Task brief:
Copied exactly and without pictures, the lines from the beginning of the entries through the one that holds "めっちゃおいしかったって言うから2人で食後は杏仁豆腐。" should form the entire reply.

Provided data:
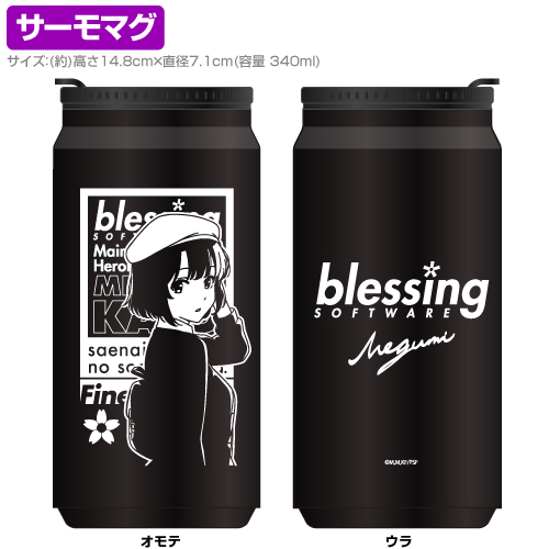 blessing softwareのロゴと、恵がプリントされたスタイリッシュなサーモマグ。
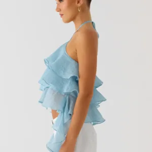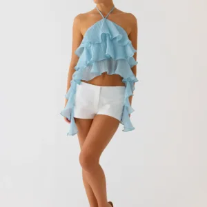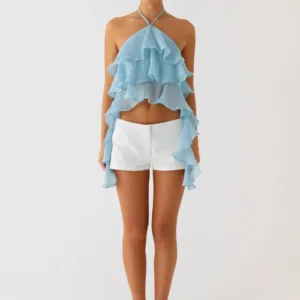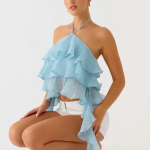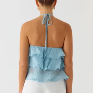 The Inna Frill Halter Top is a playful and flirty addition to your wardrobe. This tiered ruffle dress with an open back is perfect to pair with skirts or shorts for a chic summer look.
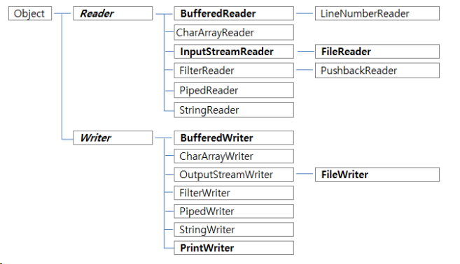 - ๋ชจ๋ ๋ฌธ์ ์คํธ๋ฆผ ํด๋์ค๋ Reader ๋ฐ Writer ํด๋์ค์ ์๋ธ ํด๋์ค
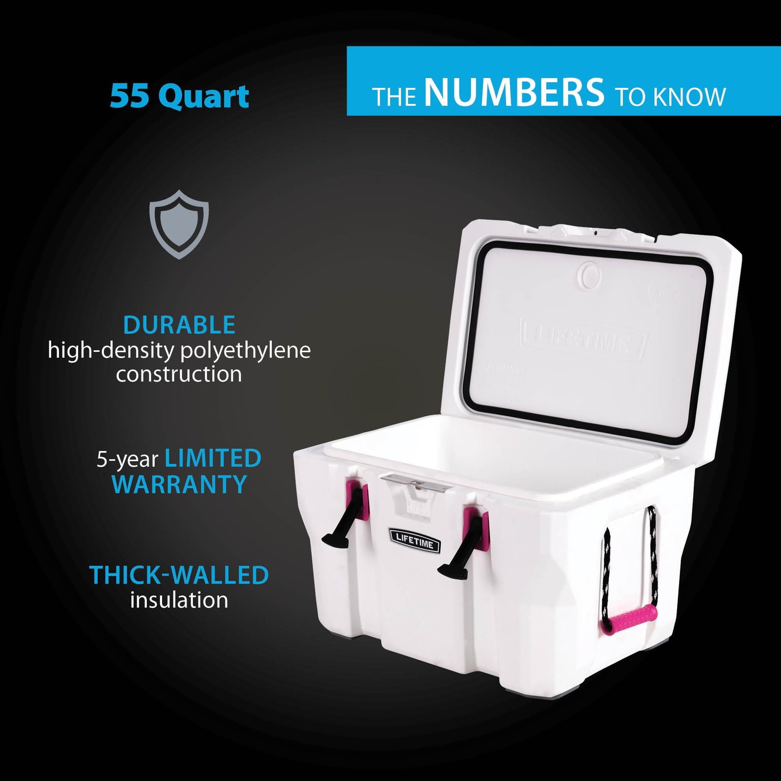 • Lifetime 55 Quart High Performance Polyethylene Cooler, White/Pink
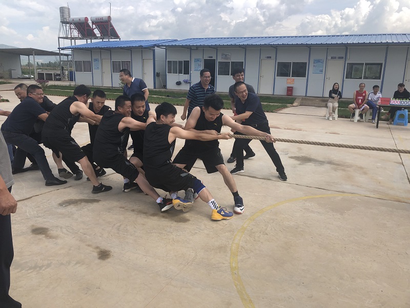 2019年7月24日,農(nóng)歷六月廿二日,正值彝族火把節(jié),祥云財(cái)富鐵路專用線投資建設(shè)開發(fā)有限責(zé)任公司與總公司第一直管部祥云財(cái)富鐵路專用線項(xiàng)目經(jīng)理部共同舉行聯(lián)誼活動(dòng)。祥云縣人民政府、祥云財(cái)富工業(yè)園區(qū)管理委員會(huì)等多個(gè)政府單位和監(jiān)理單位受邀參加。本次活動(dòng)主要舉行了兩場比賽,在祥云項(xiàng)目部操場,管委會(huì)與SPV公司組成一支聯(lián)隊(duì),與EPC項(xiàng)目部進(jìn)行了拔河比賽和籃球比賽。
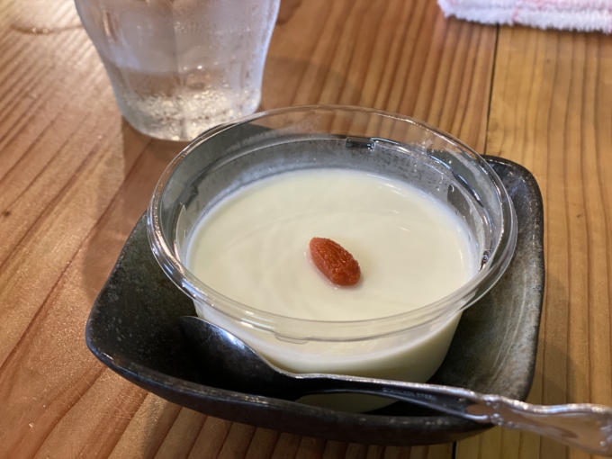 めっちゃおいしかったって言うから2人で食後は杏仁豆腐。
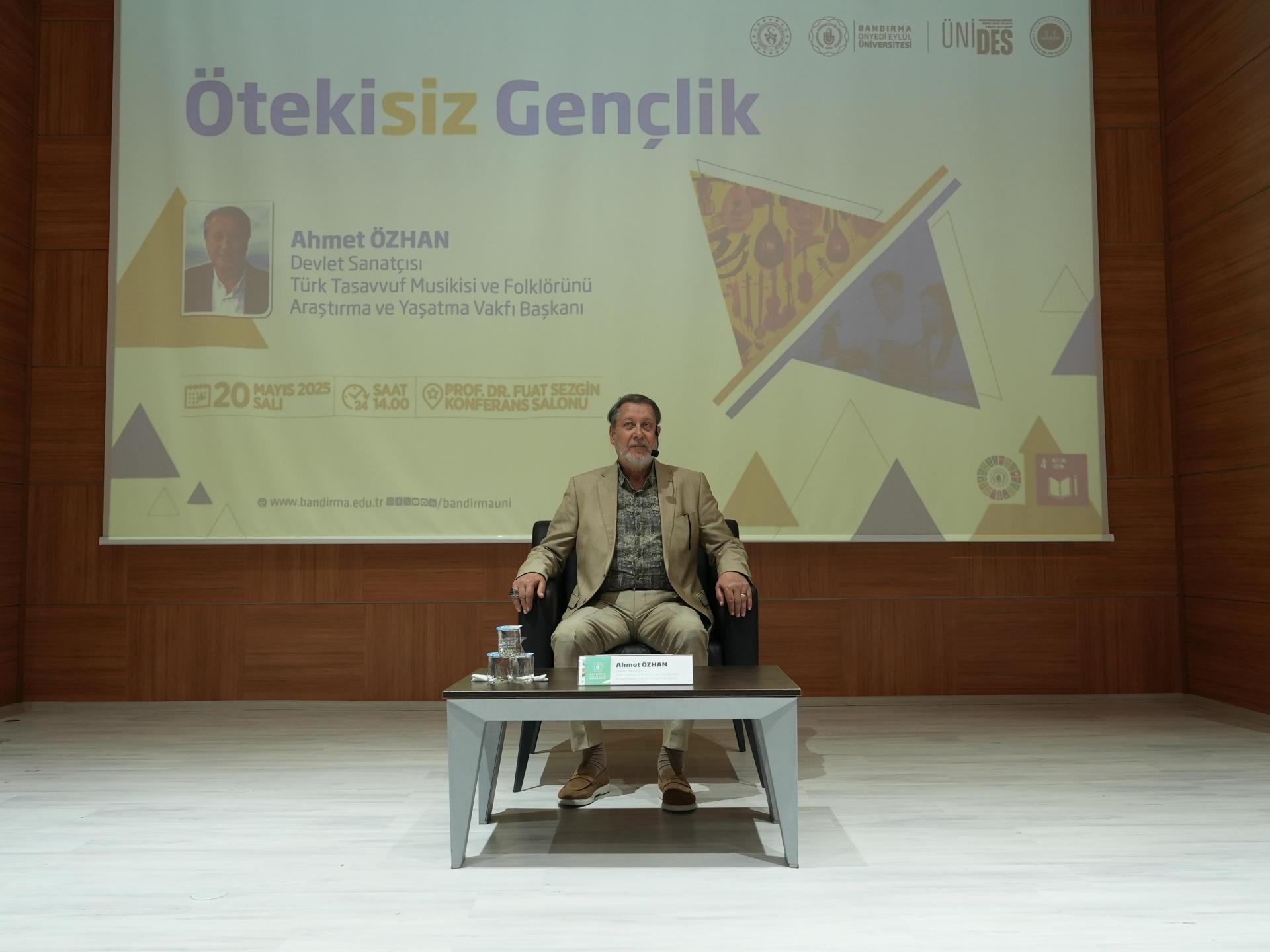 Üniversitemiz Kariyer Geliştirme Uygulama ve Araştırma Merkezi (BANÜ-KAGEM) koordinatörlüğünde, fakültelerimiz ve öğrenci topluluklarımızın iş birliğiyle bu yıl onuncusu düzenlenen geleneksel Kariyer Günleri etkinlikleri tüm hızıyla devam ediyor. Etkinlikler kapsamında, İlahiyat Fakültemiz iş birliğinde, devlet sanatçısı ve aynı zamanda Türk Tasavvuf Musikisi ve Folklörünü Araştırma ve Yaşatma Vakfı Başkanı Ahmet Özhan, Üniversitemizde “Ötekisiz Gençlik” başlıklı bir söyleşi gerçekleştirdi.
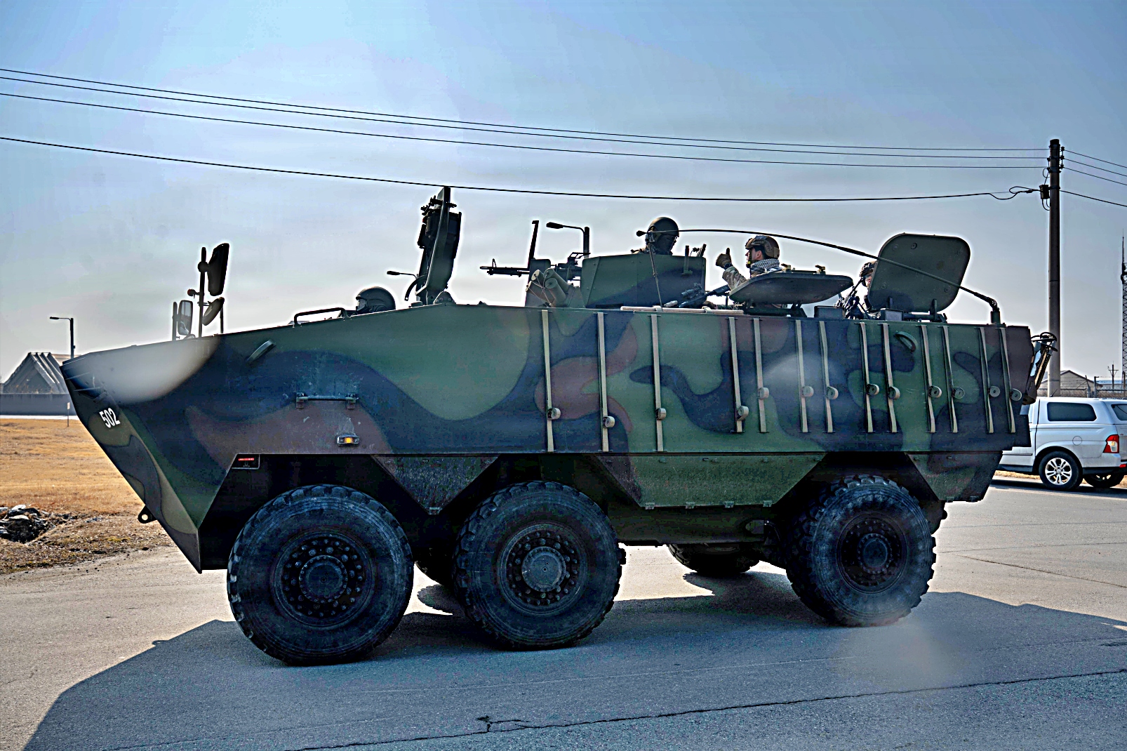 2026년 2월 12일, 주한 미공군 군산기지에서 실시된 Beverly Sentinel 26-2 훈련 중, 미 공군 제8경비대대와 한국공군 38전대 기지방호대대가 합동으로 경호 작전을 수행하며 K806 장갑차를 이용하고 있다.

The answer:
 blessing softwareのロゴと、恵がプリントされたスタイリッシュなサーモマグ。
 The Inna Frill Halter Top is a playful and flirty addition to your wardrobe. This tiered ruffle dress with an open back is perfect to pair with skirts or shorts for a chic summer look.
 - ๋ชจ๋ ๋ฌธ์ ์คํธ๋ฆผ ํด๋์ค๋ Reader ๋ฐ Writer ํด๋์ค์ ์๋ธ ํด๋์ค
 • Lifetime 55 Quart High Performance Polyethylene Cooler, White/Pink
 2019年7月24日,農(nóng)歷六月廿二日,正值彝族火把節(jié),祥云財(cái)富鐵路專用線投資建設(shè)開發(fā)有限責(zé)任公司與總公司第一直管部祥云財(cái)富鐵路專用線項(xiàng)目經(jīng)理部共同舉行聯(lián)誼活動(dòng)。祥云縣人民政府、祥云財(cái)富工業(yè)園區(qū)管理委員會(huì)等多個(gè)政府單位和監(jiān)理單位受邀參加。本次活動(dòng)主要舉行了兩場比賽,在祥云項(xiàng)目部操場,管委會(huì)與SPV公司組成一支聯(lián)隊(duì),與EPC項(xiàng)目部進(jìn)行了拔河比賽和籃球比賽。
 めっちゃおいしかったって言うから2人で食後は杏仁豆腐。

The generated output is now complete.